* **SOURCE MATERIAL**:

--*--

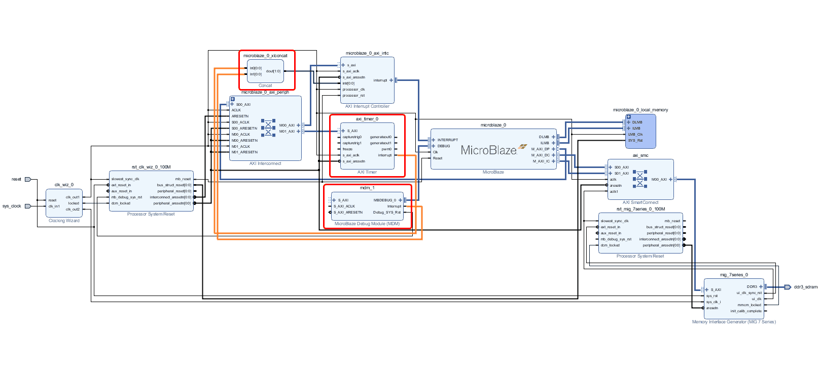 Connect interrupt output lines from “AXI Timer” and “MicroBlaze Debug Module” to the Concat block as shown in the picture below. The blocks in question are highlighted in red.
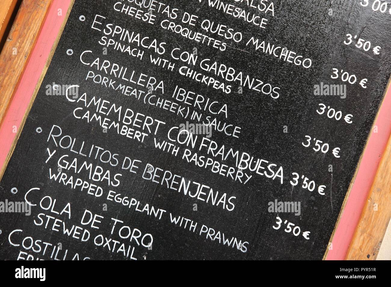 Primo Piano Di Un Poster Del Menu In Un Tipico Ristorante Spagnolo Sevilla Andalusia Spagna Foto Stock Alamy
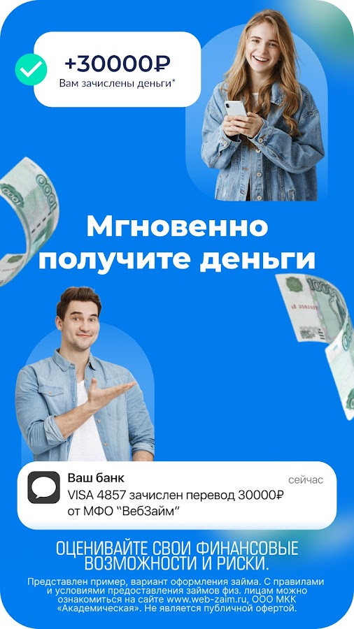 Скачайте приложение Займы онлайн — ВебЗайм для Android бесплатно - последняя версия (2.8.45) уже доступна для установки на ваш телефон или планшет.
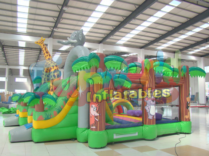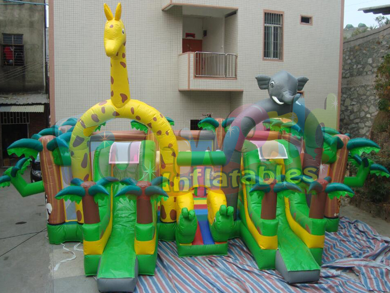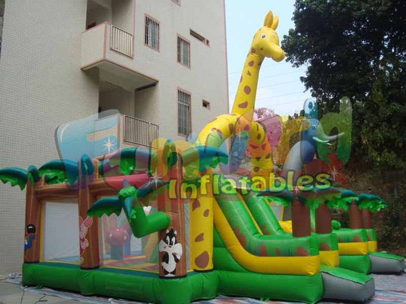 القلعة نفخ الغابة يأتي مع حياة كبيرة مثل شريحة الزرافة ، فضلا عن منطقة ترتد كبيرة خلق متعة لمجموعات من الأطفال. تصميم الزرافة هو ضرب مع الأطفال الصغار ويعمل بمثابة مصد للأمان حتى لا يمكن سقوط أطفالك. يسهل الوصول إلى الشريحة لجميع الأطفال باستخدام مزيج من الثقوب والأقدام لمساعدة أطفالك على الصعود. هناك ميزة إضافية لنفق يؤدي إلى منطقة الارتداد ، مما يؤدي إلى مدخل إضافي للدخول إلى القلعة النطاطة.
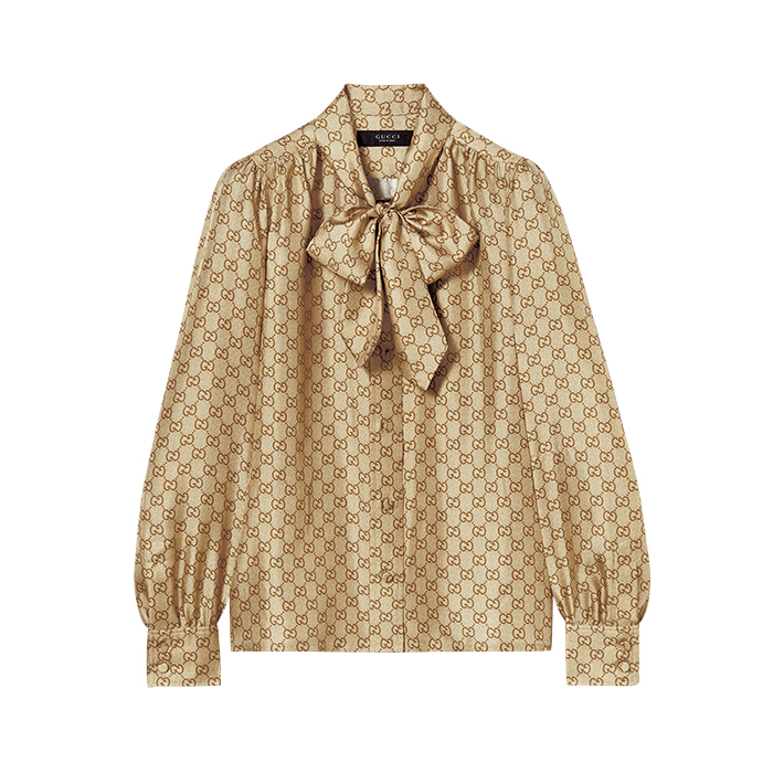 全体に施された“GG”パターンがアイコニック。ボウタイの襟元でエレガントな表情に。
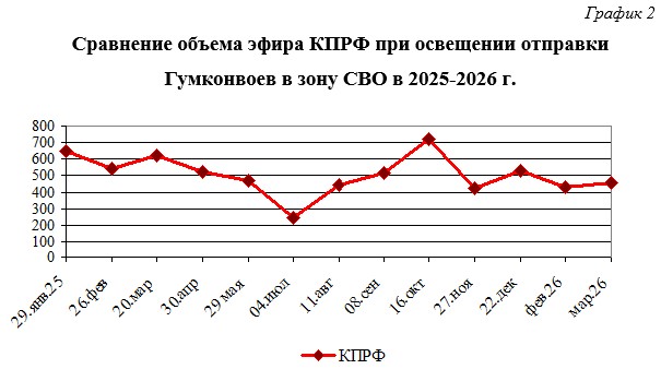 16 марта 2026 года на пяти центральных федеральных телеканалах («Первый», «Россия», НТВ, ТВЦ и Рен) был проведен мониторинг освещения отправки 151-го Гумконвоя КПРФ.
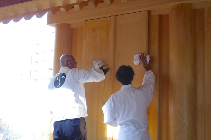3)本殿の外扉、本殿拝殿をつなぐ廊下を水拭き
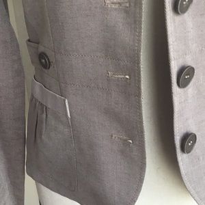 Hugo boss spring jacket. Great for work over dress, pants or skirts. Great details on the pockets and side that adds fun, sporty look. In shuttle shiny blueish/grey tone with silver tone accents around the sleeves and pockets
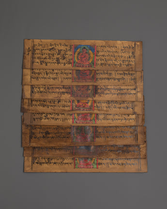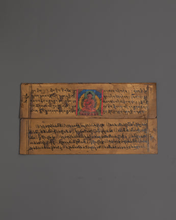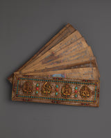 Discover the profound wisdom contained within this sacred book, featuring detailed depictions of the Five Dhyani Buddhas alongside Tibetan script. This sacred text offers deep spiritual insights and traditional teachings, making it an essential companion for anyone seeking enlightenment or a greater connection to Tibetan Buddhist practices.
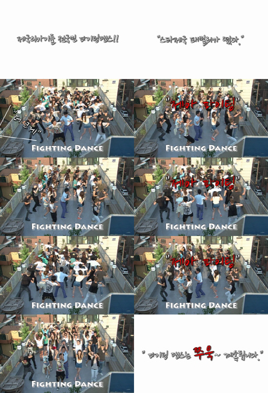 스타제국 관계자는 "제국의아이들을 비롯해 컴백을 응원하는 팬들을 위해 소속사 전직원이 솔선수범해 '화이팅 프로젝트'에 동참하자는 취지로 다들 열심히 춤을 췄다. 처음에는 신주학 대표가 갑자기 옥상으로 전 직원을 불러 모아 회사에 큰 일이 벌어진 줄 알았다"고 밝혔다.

--*--

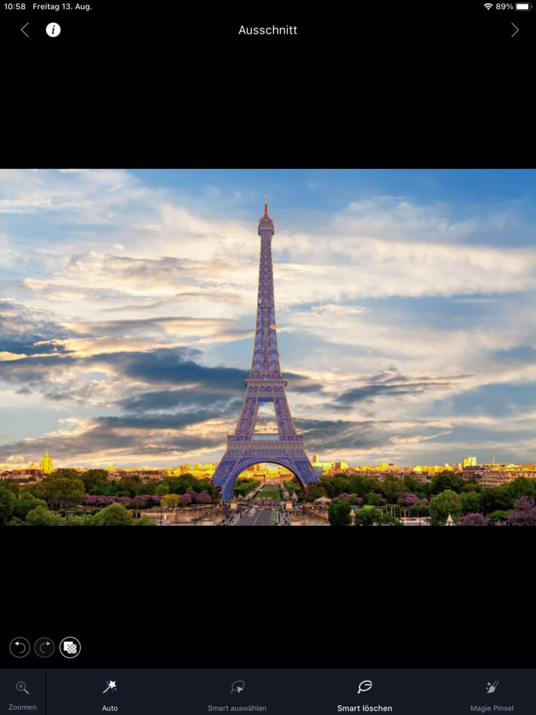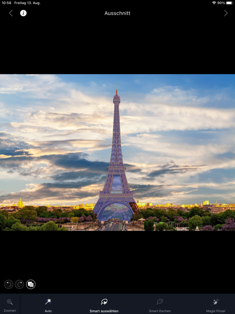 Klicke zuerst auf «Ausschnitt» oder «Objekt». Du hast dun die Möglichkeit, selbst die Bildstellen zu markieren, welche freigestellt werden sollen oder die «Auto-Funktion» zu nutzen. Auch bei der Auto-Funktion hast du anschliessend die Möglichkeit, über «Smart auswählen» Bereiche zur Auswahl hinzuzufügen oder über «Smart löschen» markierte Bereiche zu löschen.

--*--

* **WHAT THE TASK REQUIRES**: Everything from the line with "Connect interrupt output" through the line with "비롯해 컴백을 응원하는" in the material above should be transcribed exactly, except the pictures.

* **SOLVED EXERCISE**:
 Connect interrupt output lines from “AXI Timer” and “MicroBlaze Debug Module” to the Concat block as shown in the picture below. The blocks in question are highlighted in red.
 Primo Piano Di Un Poster Del Menu In Un Tipico Ristorante Spagnolo Sevilla Andalusia Spagna Foto Stock Alamy
 Скачайте приложение Займы онлайн — ВебЗайм для Android бесплатно - последняя версия (2.8.45) уже доступна для установки на ваш телефон или планшет.
 القلعة نفخ الغابة يأتي مع حياة كبيرة مثل شريحة الزرافة ، فضلا عن منطقة ترتد كبيرة خلق متعة لمجموعات من الأطفال. تصميم الزرافة هو ضرب مع الأطفال الصغار ويعمل بمثابة مصد للأمان حتى لا يمكن سقوط أطفالك. يسهل الوصول إلى الشريحة لجميع الأطفال باستخدام مزيج من الثقوب والأقدام لمساعدة أطفالك على الصعود. هناك ميزة إضافية لنفق يؤدي إلى منطقة الارتداد ، مما يؤدي إلى مدخل إضافي للدخول إلى القلعة النطاطة.
 全体に施された“GG”パターンがアイコニック。ボウタイの襟元でエレガントな表情に。
 16 марта 2026 года на пяти центральных федеральных телеканалах («Первый», «Россия», НТВ, ТВЦ и Рен) был проведен мониторинг освещения отправки 151-го Гумконвоя КПРФ.
3)本殿の外扉、本殿拝殿をつなぐ廊下を水拭き
 Hugo boss spring jacket. Great for work over dress, pants or skirts. Great details on the pockets and side that adds fun, sporty look. In shuttle shiny blueish/grey tone with silver tone accents around the sleeves and pockets
 Discover the profound wisdom contained within this sacred book, featuring detailed depictions of the Five Dhyani Buddhas alongside Tibetan script. This sacred text offers deep spiritual insights and traditional teachings, making it an essential companion for anyone seeking enlightenment or a greater connection to Tibetan Buddhist practices.
 스타제국 관계자는 "제국의아이들을 비롯해 컴백을 응원하는 팬들을 위해 소속사 전직원이 솔선수범해 '화이팅 프로젝트'에 동참하자는 취지로 다들 열심히 춤을 췄다. 처음에는 신주학 대표가 갑자기 옥상으로 전 직원을 불러 모아 회사에 큰 일이 벌어진 줄 알았다"고 밝혔다.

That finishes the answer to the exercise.